**Supplied data:**

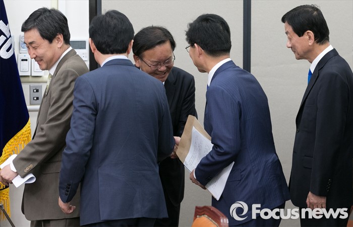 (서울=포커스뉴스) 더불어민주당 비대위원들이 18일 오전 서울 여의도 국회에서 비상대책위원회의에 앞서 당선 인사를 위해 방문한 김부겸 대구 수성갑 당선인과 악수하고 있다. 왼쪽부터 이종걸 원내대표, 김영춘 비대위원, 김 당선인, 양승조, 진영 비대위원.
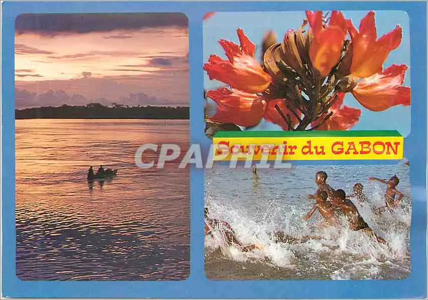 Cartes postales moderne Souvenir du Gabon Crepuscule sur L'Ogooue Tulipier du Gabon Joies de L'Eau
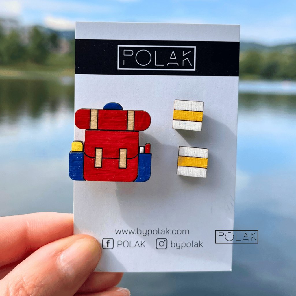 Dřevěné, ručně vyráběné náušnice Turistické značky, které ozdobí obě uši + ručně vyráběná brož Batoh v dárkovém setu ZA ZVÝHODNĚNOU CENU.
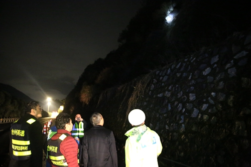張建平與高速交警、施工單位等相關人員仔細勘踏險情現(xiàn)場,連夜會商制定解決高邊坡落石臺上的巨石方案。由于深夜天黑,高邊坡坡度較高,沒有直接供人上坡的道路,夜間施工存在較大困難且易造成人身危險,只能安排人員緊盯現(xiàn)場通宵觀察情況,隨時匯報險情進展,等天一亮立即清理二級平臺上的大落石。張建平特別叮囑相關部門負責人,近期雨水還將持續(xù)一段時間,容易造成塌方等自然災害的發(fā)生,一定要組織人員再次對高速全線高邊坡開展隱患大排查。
* * *
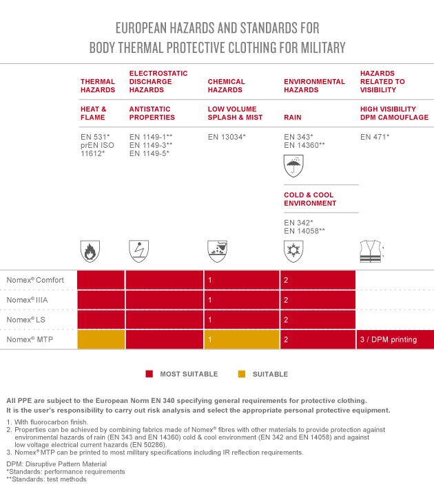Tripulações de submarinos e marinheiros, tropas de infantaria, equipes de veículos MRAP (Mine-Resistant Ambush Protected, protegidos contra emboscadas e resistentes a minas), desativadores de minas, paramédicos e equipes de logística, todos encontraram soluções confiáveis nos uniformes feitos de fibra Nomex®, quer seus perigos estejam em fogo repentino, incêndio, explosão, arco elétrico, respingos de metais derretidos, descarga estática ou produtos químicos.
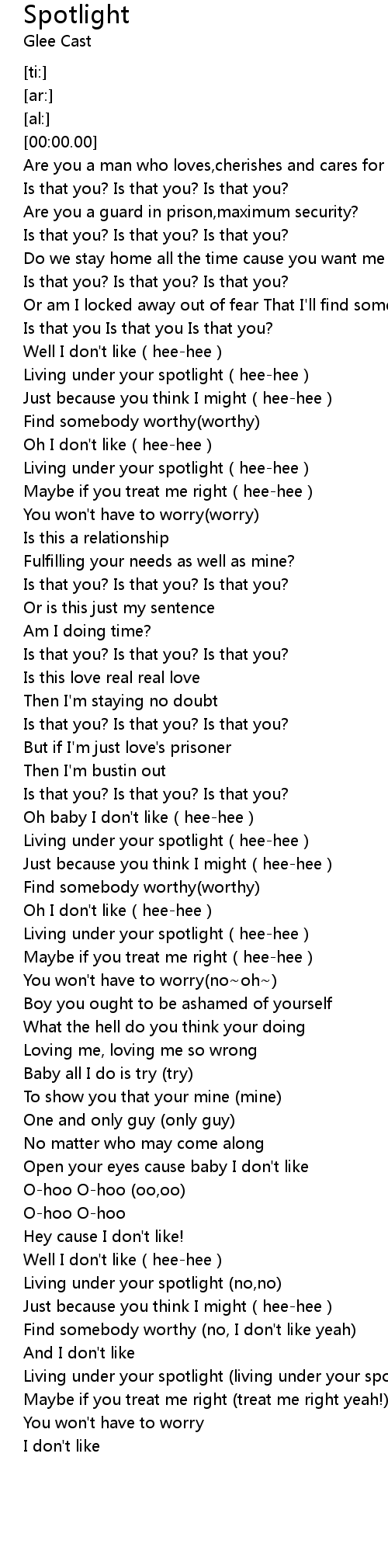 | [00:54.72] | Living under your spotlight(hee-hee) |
...
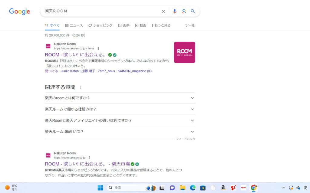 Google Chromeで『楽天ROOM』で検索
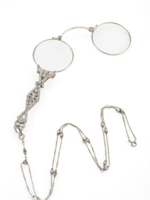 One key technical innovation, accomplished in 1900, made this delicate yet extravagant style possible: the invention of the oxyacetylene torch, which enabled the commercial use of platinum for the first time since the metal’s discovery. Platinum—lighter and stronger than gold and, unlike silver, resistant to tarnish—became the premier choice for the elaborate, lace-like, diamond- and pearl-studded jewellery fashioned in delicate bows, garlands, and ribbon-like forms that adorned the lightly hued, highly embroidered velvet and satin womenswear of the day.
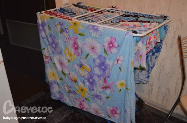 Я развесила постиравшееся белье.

**Your instructions:**
Reproduce the records above exactly, but only from the line with "(서울=포커스뉴스) 더불어민주당 비대위원들이" up to and including the line with "張建平與高速交警、施工單位等". Leave the pictures out.

**Answer for this exercise:**
 (서울=포커스뉴스) 더불어민주당 비대위원들이 18일 오전 서울 여의도 국회에서 비상대책위원회의에 앞서 당선 인사를 위해 방문한 김부겸 대구 수성갑 당선인과 악수하고 있다. 왼쪽부터 이종걸 원내대표, 김영춘 비대위원, 김 당선인, 양승조, 진영 비대위원.
 Cartes postales moderne Souvenir du Gabon Crepuscule sur L'Ogooue Tulipier du Gabon Joies de L'Eau
 Dřevěné, ručně vyráběné náušnice Turistické značky, které ozdobí obě uši + ručně vyráběná brož Batoh v dárkovém setu ZA ZVÝHODNĚNOU CENU.
張建平與高速交警、施工單位等相關人員仔細勘踏險情現(xiàn)場,連夜會商制定解決高邊坡落石臺上的巨石方案。由于深夜天黑,高邊坡坡度較高,沒有直接供人上坡的道路,夜間施工存在較大困難且易造成人身危險,只能安排人員緊盯現(xiàn)場通宵觀察情況,隨時匯報險情進展,等天一亮立即清理二級平臺上的大落石。張建平特別叮囑相關部門負責人,近期雨水還將持續(xù)一段時間,容易造成塌方等自然災害的發(fā)生,一定要組織人員再次對高速全線高邊坡開展隱患大排查。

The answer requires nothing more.